Problem to work on: Using the data that follows, output only the lines from the line with "2. В появившемся" up to and including the line with "Die MKA-Rhythmus-Gruppe der", exactly, leaving pictures aside.

Provided data:

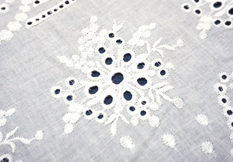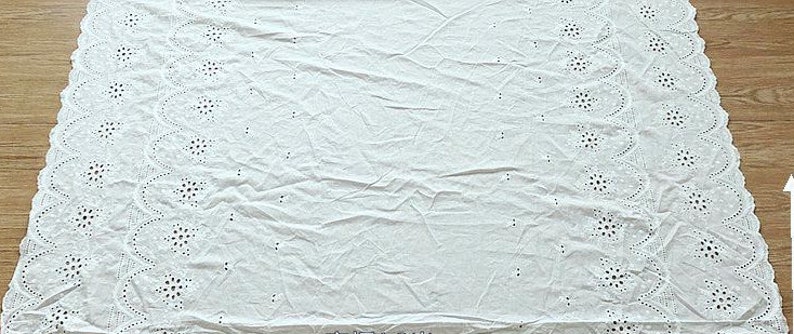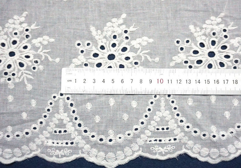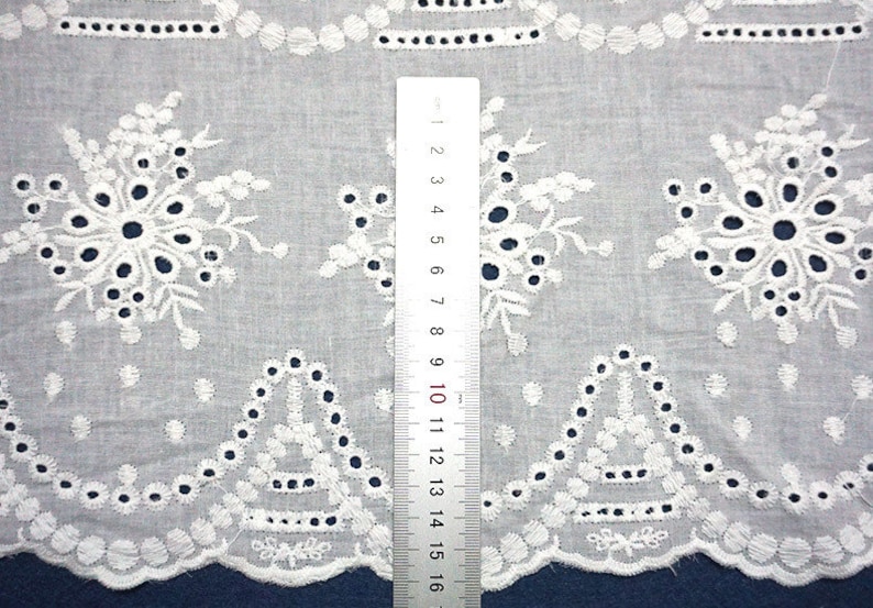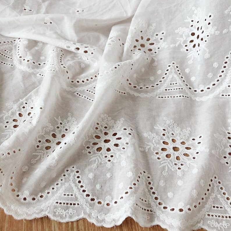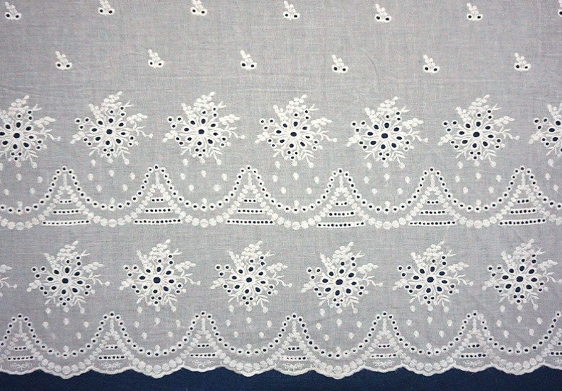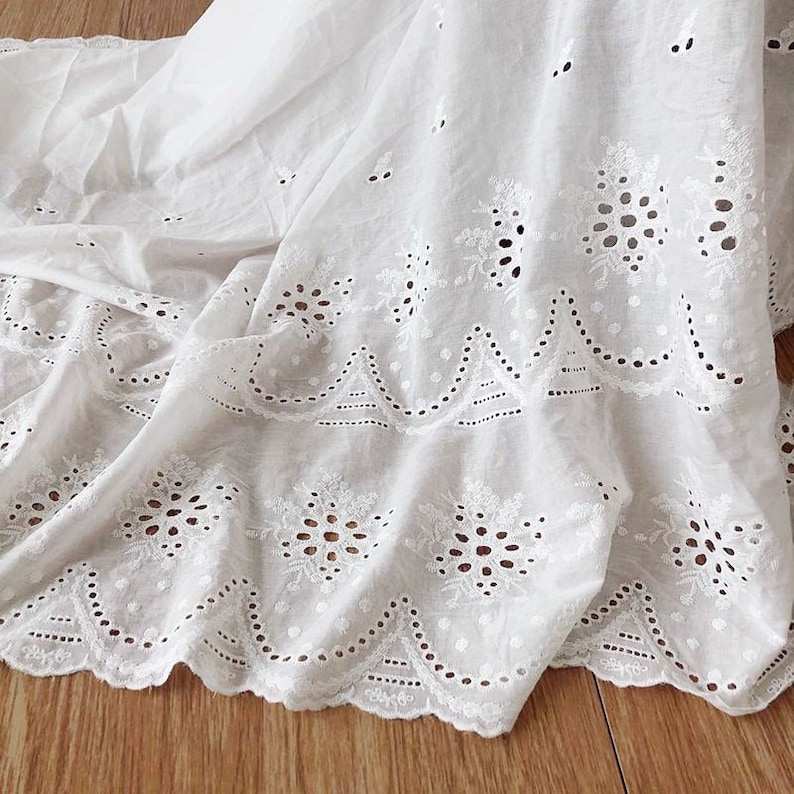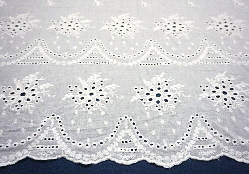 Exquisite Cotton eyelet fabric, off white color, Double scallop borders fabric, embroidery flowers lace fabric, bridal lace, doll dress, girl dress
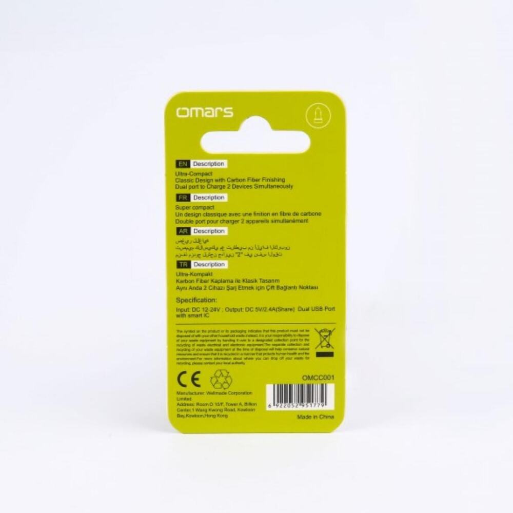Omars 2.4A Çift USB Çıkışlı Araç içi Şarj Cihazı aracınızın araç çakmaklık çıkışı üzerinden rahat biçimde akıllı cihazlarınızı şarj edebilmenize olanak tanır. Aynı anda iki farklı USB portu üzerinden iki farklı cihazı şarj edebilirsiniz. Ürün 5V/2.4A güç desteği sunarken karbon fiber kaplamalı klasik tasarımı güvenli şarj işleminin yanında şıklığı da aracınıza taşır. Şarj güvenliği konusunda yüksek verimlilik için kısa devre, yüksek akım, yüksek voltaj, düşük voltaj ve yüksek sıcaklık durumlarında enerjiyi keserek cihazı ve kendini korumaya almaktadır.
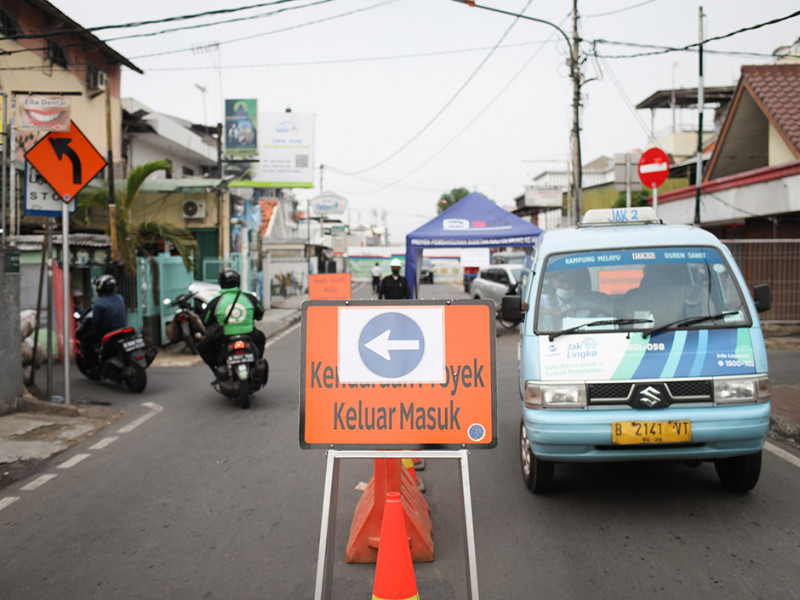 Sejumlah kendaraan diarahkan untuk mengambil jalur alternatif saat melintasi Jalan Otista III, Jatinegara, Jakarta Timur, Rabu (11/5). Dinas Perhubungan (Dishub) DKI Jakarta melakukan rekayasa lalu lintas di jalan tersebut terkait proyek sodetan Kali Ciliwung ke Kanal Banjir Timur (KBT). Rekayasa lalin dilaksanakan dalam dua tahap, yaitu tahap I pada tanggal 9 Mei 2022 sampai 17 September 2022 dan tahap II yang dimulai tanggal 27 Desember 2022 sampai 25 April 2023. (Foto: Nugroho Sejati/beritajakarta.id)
...
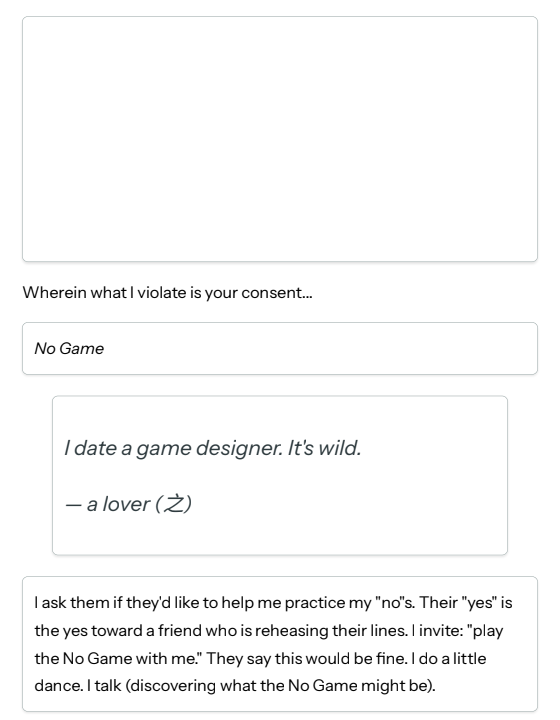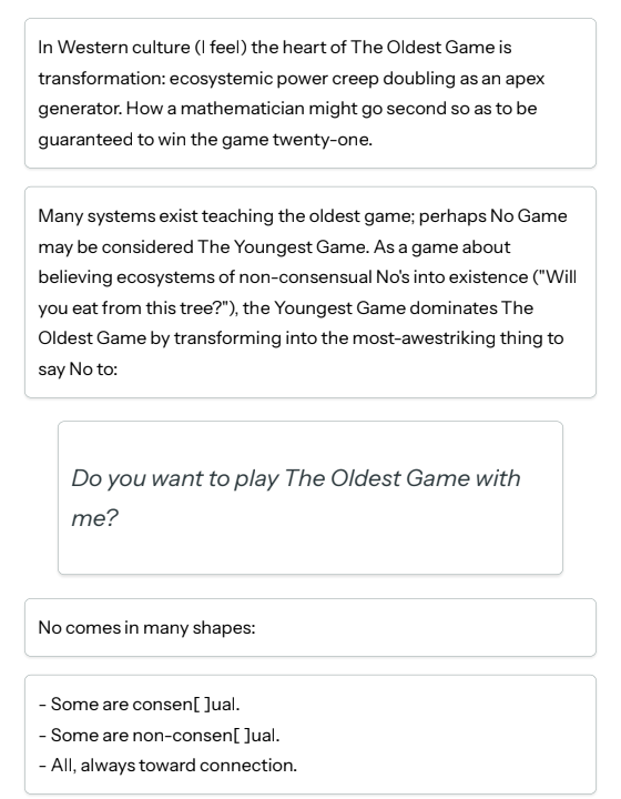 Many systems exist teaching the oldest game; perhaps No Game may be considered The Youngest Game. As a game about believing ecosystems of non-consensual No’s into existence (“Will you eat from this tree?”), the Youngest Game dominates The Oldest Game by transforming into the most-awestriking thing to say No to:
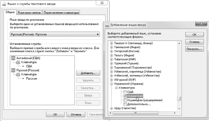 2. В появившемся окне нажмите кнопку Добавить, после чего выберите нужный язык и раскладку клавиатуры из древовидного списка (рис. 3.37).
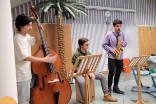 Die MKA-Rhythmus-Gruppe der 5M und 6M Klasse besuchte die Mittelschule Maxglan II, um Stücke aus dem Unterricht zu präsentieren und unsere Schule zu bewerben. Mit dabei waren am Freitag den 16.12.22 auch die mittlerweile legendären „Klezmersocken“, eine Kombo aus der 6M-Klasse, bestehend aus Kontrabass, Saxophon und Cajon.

Exercise result:
 2. В появившемся окне нажмите кнопку Добавить, после чего выберите нужный язык и раскладку клавиатуры из древовидного списка (рис. 3.37).
 Die MKA-Rhythmus-Gruppe der 5M und 6M Klasse besuchte die Mittelschule Maxglan II, um Stücke aus dem Unterricht zu präsentieren und unsere Schule zu bewerben. Mit dabei waren am Freitag den 16.12.22 auch die mittlerweile legendären „Klezmersocken“, eine Kombo aus der 6M-Klasse, bestehend aus Kontrabass, Saxophon und Cajon.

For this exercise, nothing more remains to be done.